Обе женщины ни на минуту не расставались. Когда Нина подала мисс Ганне руку, та прочла в ее глазах такую теплоту, что чуть не заплакала. Я следил за американкой. Когда Нина обняла и поцеловала ее, слезы радости и умиления покатились по ее щекам.
Слушая разговоры, наблюдая за прогуливающимися по залу парами, среди которых принц прохаживался под руку с княжной, я невольно думал, что нахожусь не на банкете, а в театре и вижу перед собой профессиональных артистов, играющих заранее порученные им роли:
Русский консул казался чрезвычайно озабоченным. Он был похож на полководца, только что получившего сообщение о поражении его армии. Он не мог ни минуты усидеть на месте. Перекидывался короткими лаконичными фразами с Емельяновым, английским или американским консулами, вскакивал, закуривал папиросу, ходил по залу, опять подсаживался к кому-нибудь. Словом, был не в своей тарелке. Княжна чувствовала себя не лучше. Было похоже, что она и сама не верила имени, под которым жила во дворце. Она жадно ловила речи гостей, растерянно оглядывалась по сторонам. Нервозность консула и княжны заставила меня насторожиться. Не было сомнения, что оба взволнованны каким-то одним событием, пока мне не известным. Я начал беспокоиться, мне хотелось как можно скорее узнать причину этого странного замешательства.
Наконец, гостей пригласили за стол. Тосты были приторны и однообразны, как обычно: в честь английского короля и русского императора, за здоровье всех консулов и лишь в самом конце вспомнили несчастного принца. Мне было стыдно за него.

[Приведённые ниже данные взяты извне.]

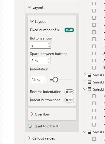 Now I can add a List Slicer to my report, add the LevelOfDetail field from my newly added table to the field well of the slicer, and apply some formatting including the layout definition seen below, to achieve a nice native-looking list like the following: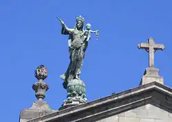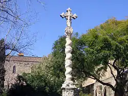 Por lo que se refiere a estatuaria en edificios públicos, conviene destacar el conjunto del Hospital de la Santa Cruz, en cuyo patio figura una cruz situada sobre una columna salomónica, obra de Bernat Vilar de 1691 —destruida durante la Guerra Civil, la actual es de 1939—; en el mismo patio se encuentran las figuras de San Roque y la Caridad, fechables alrededor de 1638, de artista desconocido; por otro lado, en el patio de la Casa de Convalecencia del mismo hospital se halla una estatua de San Pablo, obra de Lluís Bonifaç el Viejo de 1679; por último, en una hornacina en la esquina de la calle Carmen con Egipcíacas se ubica otro San Pablo, obra de Domènec Rovira el Joven de 1668.[16]

Когда ужин кончился, гости перешли в соседний зал, где начались танцы. Наследник престола с княжной присоединились к небольшой группе, где были Нина и мисс Ганна. Как раз в эту минуту вошел главный церемониймейстер дворца и на серебряном подносе подал принцу какой-то пакет.
Прочитав надпись на конверте, тот сказал:
– Из Петрограда. Очевидно, от его сиятельства князя. – Потом он обратился ко мне: – Кажется, вы хорошо читаете по-русски. Пойдемте ко мне в кабинет!
Я последовал за ним. Он плотно прикрыл дверь и подал мне письмо. Я начал читать:
"Ваше высочество!
Письмо Ваше я получил. Вы пишете о славе вашей династии и об искренней дружбе с императором Российским. Все это отрадно. Одновременно Вы посвящаете несколько строк моей сестре. Должен признаться Вашему высочеству, что крайне удивлен этим. Моя сестра живет в данное время в Петрограде, к тому же она сейчас больна. Из нашей семьи нет ни одной женщины за пределами империи. Тавризскому консулу поручено установить личность женщины, проникшей к Вам под нашей фамилией.
Кн. Осипов".
Наследник престола был ошеломлен. Он не верил своим ушам и тупо уставился на меня.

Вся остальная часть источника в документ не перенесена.